Mag de gemeente de waarde van werktuigen meenemen in de WOZ-waardering?
Voor het antwoord op deze vraag bent u bij TAXX aan het juiste adres. Onze adviseurs zijn nauw betrokken geweest bij diverse rechtszaken over deze vraag bij bijvoorbeeld windturbines, asfaltmenginstallaties en energiecentrales. Ook hebben zij met veel succes bezwaarprocedures gevoerd over de toepassing van de werktuigenvrijstelling bij productie-installaties voor energie, metalen, halffabrikaten en eindproducten.

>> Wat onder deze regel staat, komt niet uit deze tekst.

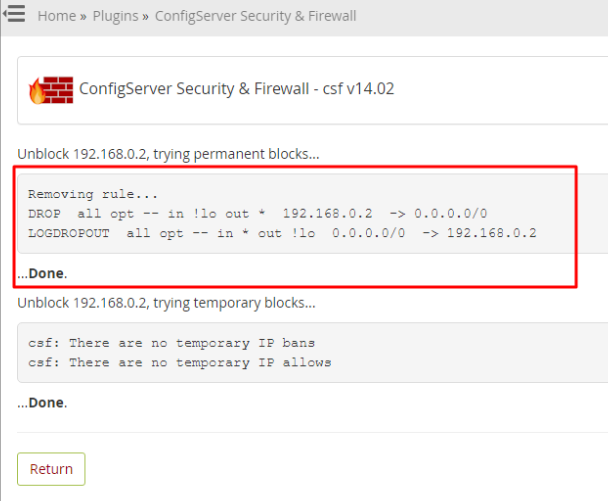 In WHM (Web Host Manager), unblocking an IP address typically involves accessing the “ConfigServer Security & Firewall” (CSF) configuration interface.
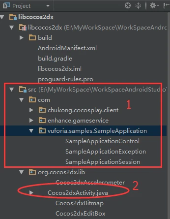添加Vuforia的接口之后的目录如上图红方框1所示

Niet-gebouwgebonden installaties in een gebouw behoren buiten de waardering te blijven, omdat deze meestal als roerende zaken moeten worden aangemerkt. Beschouwt de gemeente deze installaties als onroerend, dan behoort de waarde van deze installaties wellicht op grond van de werktuigenvrijstelling buiten aanmerking te blijven. Voorwaarde daarvoor is dat de betreffende werktuigen zonder beschadiging van betekenis aan de installaties uit de gebouwen kunnen worden verwijderd.
Voor installaties in de open lucht geldt een andere eis. De werktuigenvrijstelling is van toepassing voor die delen van een installatie die niet bepalend zijn voor de uiterlijke herkenbaarheid van de installatie. Bij een windturbine is deze vraag nog wel te beantwoorden. Mast en wieken zijn bepalend voor de uiterlijke herkenbaarheid en zijn dus belast. Maar hoe moet deze vraag nu bijvoorbeeld bij een petro-chemisch complex beantwoord worden? TAXX geeft u het antwoord graag. Neemt u vrijblijvend contact met ons op voor meer informatie.
Naast de toepassing van de werktuigenvrijstelling, beoordeelt TAXX natuurlijk ook de waardering van de installaties die door de gemeente wel belast mogen worden. Daarbij worden alle onderdelen van de gemeentelijke waardering kritisch beoordeeld. Deze WOZ-controle loont.